Evan these are incredible tools, thank you for contributing another brick in the wall for those of us that bleed A/B testing :)
I would love to see Optimizely and VWO embrace similarly non-ambiguous and functional reporting as a default.
EG - just introducing Chi-Squared testing into a discussion with clients or teams that think that they're A/B testing properly by following Optimizely's graphs usually turns the discussion on it's head - "you mean there's a RANGE? well how can we be certain?" etc.
All of the tools used to have this sort of presentation. GWO, in particular, once had a very nice visualization of confidence-range overlaps (the current product blows).
I suspect they removed them for the same reason I tend to avoid the subject when discussing testing with non-technical people: nearly everyone is numerically illiterate, and looking for the "easy" answer. They want a used-car salesman, not a mathematics professor (i.e. "no more of this 'confidence' gobbeldygook -- give me the bottom line").
Sad, but in my experience, nearly universally true.
The short answer is that they don't provide much depth.
I've seen Optimizely call something a "winner" with 95% confidence after 48hrs.
The triangular method we use w/the off-the-shelfers is something like:
a) Optimizely base stats
b) Convergence point analysis (useful to correct for day-of-week / unique traffic swings)
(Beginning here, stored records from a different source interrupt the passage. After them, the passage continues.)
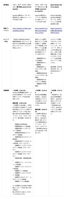 「ベスト・オブ・リスナーズチョイス」2部門では、Spotifyユーザーによる投票を通じて受賞作品が決定します。また、主要6部門のひとつである「Best Global Hit from Japan」では、Spotify上での投票によりノミネート作品が選出されます。
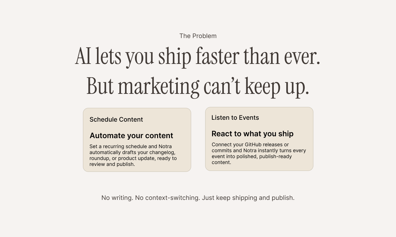 ## 概要 Notra は開発ワークフローと公開物をつなぐ連携ツール。出荷済みの作業を公開準備が整ったチェンジログ、ブログ、ソーシャル投稿へ自動変換します。 ## 主な特徴 - GitHub/...
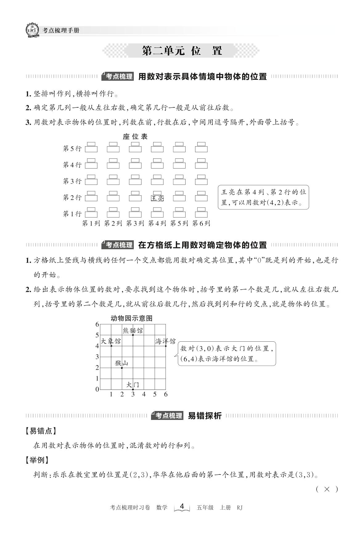 2022上册五年级数学人教版 考点梳理手册——第二单元 位置
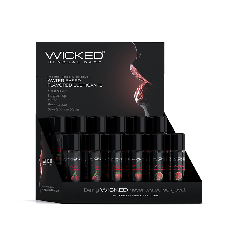 Wicked Sensual Care’s flavored lubes are water-based completely lickable and come in many tantalizing flavors. This display contains eight 1 oz. bottles each in the following: Cherry Watermelon and Strawberry.
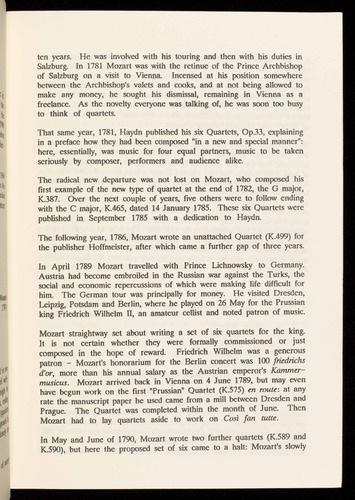 with the C major, K.465, dated 14 January 1785. These six Quartets were
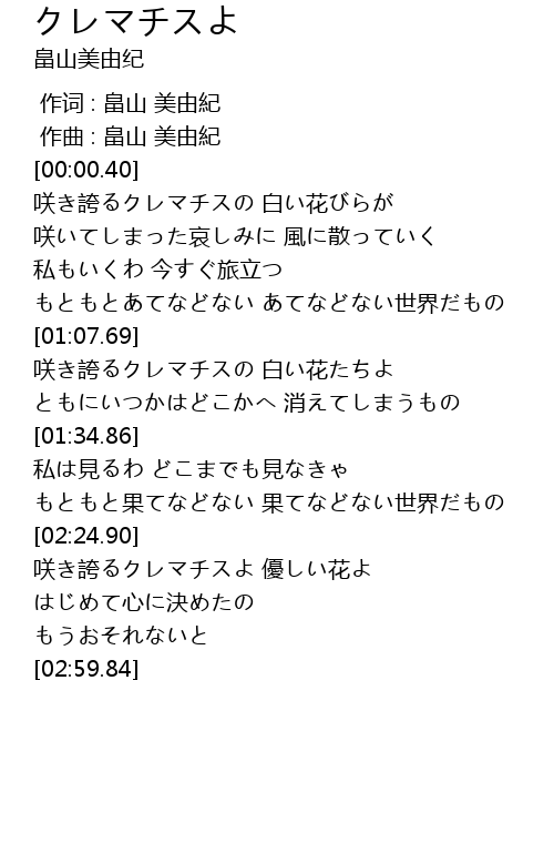 | [02:31.04] | 咲き誇るクレマチスよ 優しい花よ |
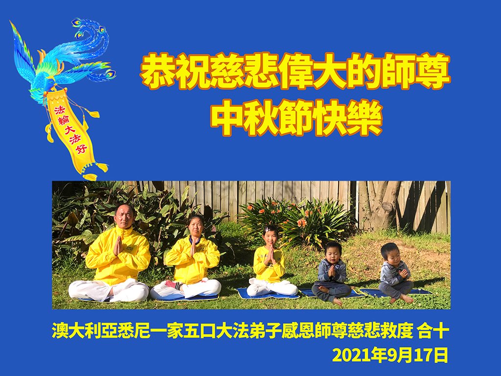 祝师尊中秋节快乐!师尊您辛苦了!您时刻看护着每个弟子,弟子唯有精進以报师恩。 悉尼大法弟子全家恭祝慈悲伟大的师尊中秋节快乐!
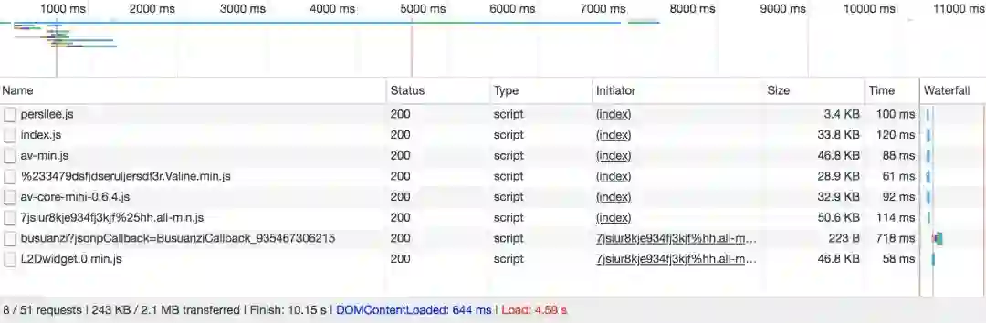 可见,请求时间是 4.59 s ,总请求个数 51 , 而 js 的请求个数是 8 , css 的请求个数是 3 (其实就 all.css 一个,其它 2 个是 Google浏览器加载的), 而没使用 压缩、合并 时候,请求时间是 10 多秒,总请求个数有 70 多个, js 的请求个数是 20 多个 ,对比请求时间 性能 提升 1倍 多。
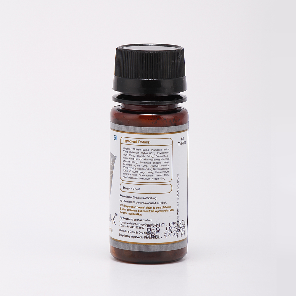 Triphala, ChitrakMool, Kutki, Neem, Mandoor bhasma, Guggul. Pancreomed–K corrects liver
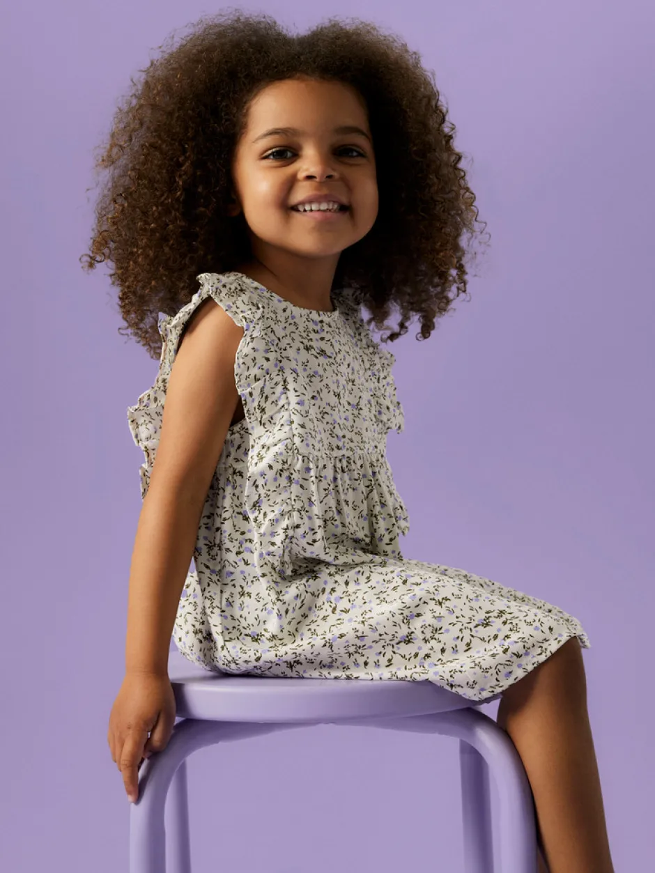 Frisk dit barns garderobe op med fine og stilfulde kjoler – ideelle til både hverdag og fest, uanset årstid. Det vævede stof har en elegant krydsstruktur og en let tekstur, som giver et klassisk og velplejet udtryk.
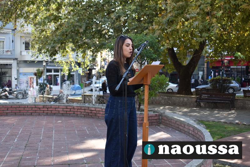 Χαιρετισμό απηύθυνε η Ελισάνθη Κωστοπούλου, μέλος της προσωρινής διοίκησης του Σωματείου Επισιτισμού Τουρισμού Ημαθίας, ενώ την κεντρική ομιλία έκανε η Μαριάννα Παπαδοπούλου, πρόεδρος του Σωματείου Ιδιωτικών Υπαλλήλων Ημαθίας Πέλλας.
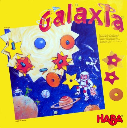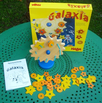 Après s'être équitablement réparti les étoiles et les planètes, les joueurs de Galaxia vont essayer d'en gagner le plus grand nombre possible. Le tour d'un joueur consiste à choisir trois pièces, puis à les donner à son voisin de gauche en désignant l'axe où il devra les accrocher. Son voisin devra agir avec minutie, car tout ce qui tombera s'ajoutera aux gains du donneur d'ordre. Une variante consiste à poser soi-même les pièces et, dans ce cas, tout ce qui tombe fait perdre des points. L'intérêt de Galaxia réside surtout dans le très beau matériel de jeu, avec en particulier une grosse roue qui tourne vraiment facilement sur son axe en polyamide 6-6
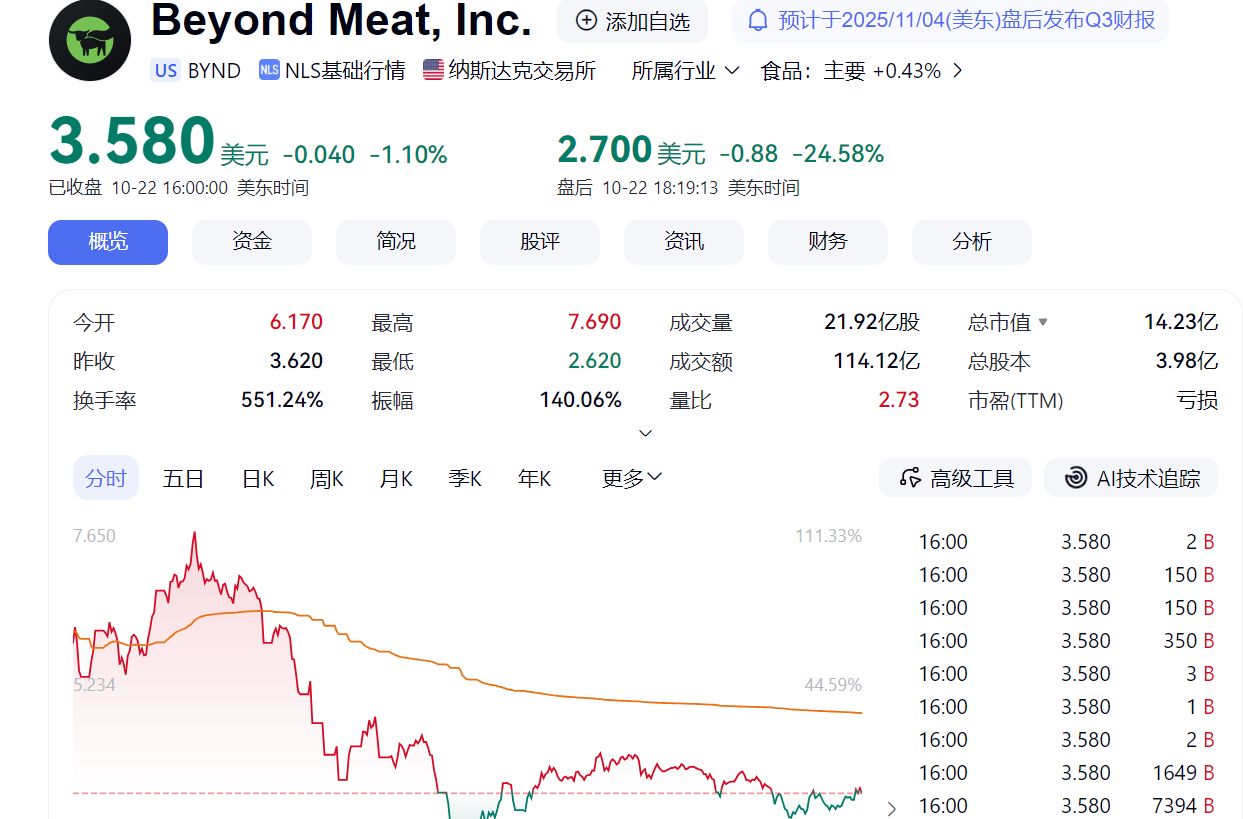 此外,周三美股开盘后,Beyond Meat 股价一度因为涨幅过大而多次暂停交易。截至收盘,公司股价跳水翻绿跌 1.10%。在最近 4 个交易日,公司股价涨幅一度接近 12 倍。

c) Chi-Squared Testing which provides a range so that you can actually assess the risk of a high-confidence test. eg look at the example in evan's tool which shows 8.5%-22% and 13.%-28.9%. This means that Sample 1 could be as HIGH as 22.1% conversion and Sample 2 could be as LOW as 13.3%. If this was rated as a high-confidence test that Sample 2 was rated higher than Sample 1 you could be potentially risking a signifigant conversion decrease if you went with Sample 2. EG needs more data and don't just buy into the "this one is better"
"Use a dedicated statistical package from the '80s"
Is your Wizard app not also a dedicated statistical package? Also, I'm being pedantic here, but how many "dedicated statistical packages" are actually from the 80s? The only ones that come to mind are Stata and Statistica.
Is there a way to view the source code or formulas you use on your pages? There's been a strong push in the academic statistics world for reproducible research, which means public data, open source statistical code.
I ask because I'm curious about your two-sample t-test. Does it pool the variances for all values of the two standard deviations? Pooling doesn't make sense when one sd is 50 and the other is 2...
That is really awesome. One suggestion though: Make "relative" the default as well as set "1−β" to 90 or 95%.
I assume that most people have a conversion rate of X, say 30%, and want to increase this by Y, say 20% (30% to 36%). If I consider the type of headline many blog posts and reports have, they are like "How we increased sales, trials, whatever by 50%". That's how they think.
We met a few times during last years Gig Tank (I am one of the cofounders of http://banyan.co). Awesome to see you killing it. Are you planning on coming back to Chattanooga anytime soon? Would love to grab beers. My email is in my profile, and I would love to reconnect.
These look great. For the sake of the permalinks, I'd love to see these hosted on another ___domain. Maybe a Wizard app ___domain, to increase brand awareness?
As an alternative to the Chi-squared calculator, people might want to check out ABBA, a tool I wrote here at Thumbtack:
http://www.thumbtack.com/labs/abba/
It shares the visual component and the linkability, two great features you've nailed. It lacks the live updating and the slider, which is really cool and something I've wanted to add to ABBA for a long time. On the other hand, it supports multiple groups compared against the baseline simultaneously and incorporates a correction for multiple testing into its p-values and confidence intervals, which can be handy. It also uses different mathematics under the hood, but that's not going to be a concern for most users.
Glad to see another step towards a more statistically-aware world!